RIAU ONLINE, PEKANBARU - Kementerian Lingkungan Hidup dan Kehutanan (KLHK) mengungkapkan, setidaknya 1.444.800 hektare luas hutan di Riau digunakan tanpa izin. Mayoritas dari keseluruhan hutan itu digunakan untuk perkebunan sawit ilegal dengan luasan 1.351.816 hektare.

Menanggapi hal itu, Ketua Umum Dewan Pimpinan Agung (DPA) Lembaga Adat Melayu Riau (LAMR), Syahril Abubakar, menolak keras rencana pengampunan pelaku lewat UU Cipta Kerja.

"LAM pihak saya menolak dengan keras kebijakan yang diwacanakan Kementerian LHK untuk memberikan pengampunan kepada pemilik kebun yang masuk dalam kategori kebun ilegal.

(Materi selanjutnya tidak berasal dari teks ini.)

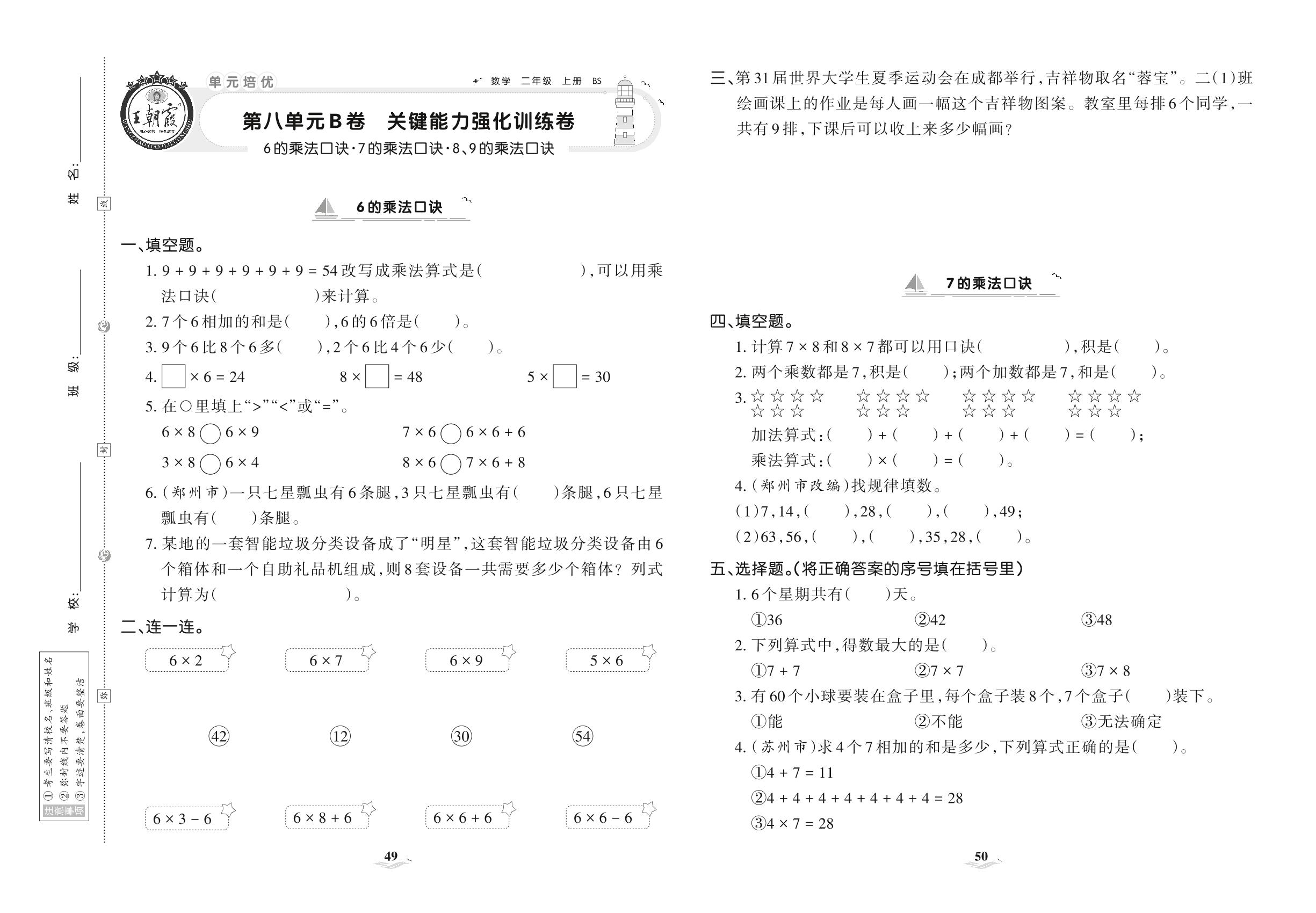 2021上册二年级数学北师版 第八单元B卷 关键能力强化训练卷

Kita sependapat dengan kawan-kawan aktivis lain. UU Omnibus law sudah ditolak oleh MK untuk diperbaiki, karena sangat bertentangan dengan UUD maupun filosofi Pancasila. Maka dengan adanya keinginan memberikan pengampunan perusahaan yang membabat hutan secara ilegal, itu sangat tidak adil dan melukai rasa keadilan khususnya masyarakat adat," katanya, Senin, 29 Agustus 2022.

Syahril menyampaikan ada 1 juta hektare berada di tanah ulayat di antara 1,4 juta hektare tersebut. Hal itu dijelaskannya setelah dikuras perusahaan besar selama lebih kurang 30 tahun dan masyarakat adat tidak dapat apa-apa.

"Tentu tak adil di situ. Makanya harusnya itu kebun ilegal dikembalikan ke masyarakat adat, bukan perusahaan," tegas Syahril.



 

 

"Perusahaan wajib membayar denda kepada negara selama berapa tahun mereka menikmati itu, dan ke depan harus dikembalikan ke masyarakat. Itu yang harus didorong oleh pemerintah, berapa rinciannya yang berada di atas tanah ulayat, itu yang harus dikembalikan ke masyarakat adat. Baru nantinya masyarakat adat bekerjasama dengan perusahaan, itu baru adil," tuturnya.

Berangkat dari permasalahan itu, pihaknya sesegera mungkin akan menyurati Presiden Jokowi, dan sedang merancang pertemuan melalui KSP Moeldoko.

"Tentu ada yang bertanya, kalau LAM yang saya pimpin ini tidak sah. Saya tegaskan, yang tidak sah itu kan di mata gubernur saja, kami masyarakat adat tetap berjalan dengan masyarakat adat yang berjalan menaungi kami semua," cakapnya.

"Ini kami mendorong agar masyarakat adat tetap mendapatkan haknya. Kalau Pemprov tak mengakui kami itu lain soal. Yang jelas hak masyarakat adat dan kami membela itu," tandas Syahril.